#  > Geral >  > Análises Técnicas >  >  Modem desligando minha conexão opõe.

## lucasmatthews12

Fala rapaziada,acompanho o fórum a um tempinho mas nunca postei nada então peço perdão caso esteja no lugar errado o tópico.

Meu problema e o seguinte tenho uma airgrid m5 ligada em um Multilaser re170,coloquei pra ocultar o Ssid da rede e começou a desligar a minha rede a cada 10 min e só volta se reiniciar o router,já testei com ssid ativo e não cai,só q eu moro em uma chácara e o pessoa aqui todo quer a senha,passei pra um mais o danado saiu vendendo a senha pra geral,enfim alguma solução?

----------


## franciskv

Tenta atualizar firmware, ou compra um TP link de duas antenas

----------


## lucasmatthews12

já busquei firmwares no site do fabricante e não achei.

----------


## Nilton Nakao

Rede oculta; Edimax, TPLink, DLink, APRouter, Greatek, Krazer, Multilaser, Mikrotik( bullet) e mais outras marcas que passou para meu uso nunca funcionou que preste. Aplicativos que descobrem as redes ocultas e senhas faz perder o seu trabalho; uma das soluções é usar com DHCP desativado mas alguns modelos e marcas não ficam lá essas coisas; eu preferi usando dois roteadores, uma delas desliga o wireless e trocar os IPs é mais do que aconselhável.

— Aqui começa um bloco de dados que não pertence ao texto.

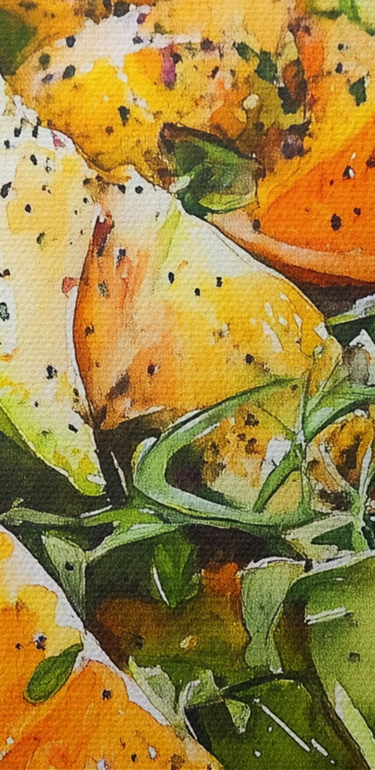 Obraz Sałatka w stylu akwareli z dynią, pomarańczami i awokado  s41957

Uso Multilaser somente como WLan e com DHCP desativado, e de tempos em tempos ele se reseta digamos ou o meu celular que faz isso, por que a janela de rede desaparece e volta segundos depois; quando estava com android 4.4.4 achava uma maravilha por que se ficar sem uso ele desligava o wireless do celular, economizando a bateria. O bullet também fazia isso caso não tenha nenhum cliente conectado, mas queimou com menos de dois meses de uso.

----------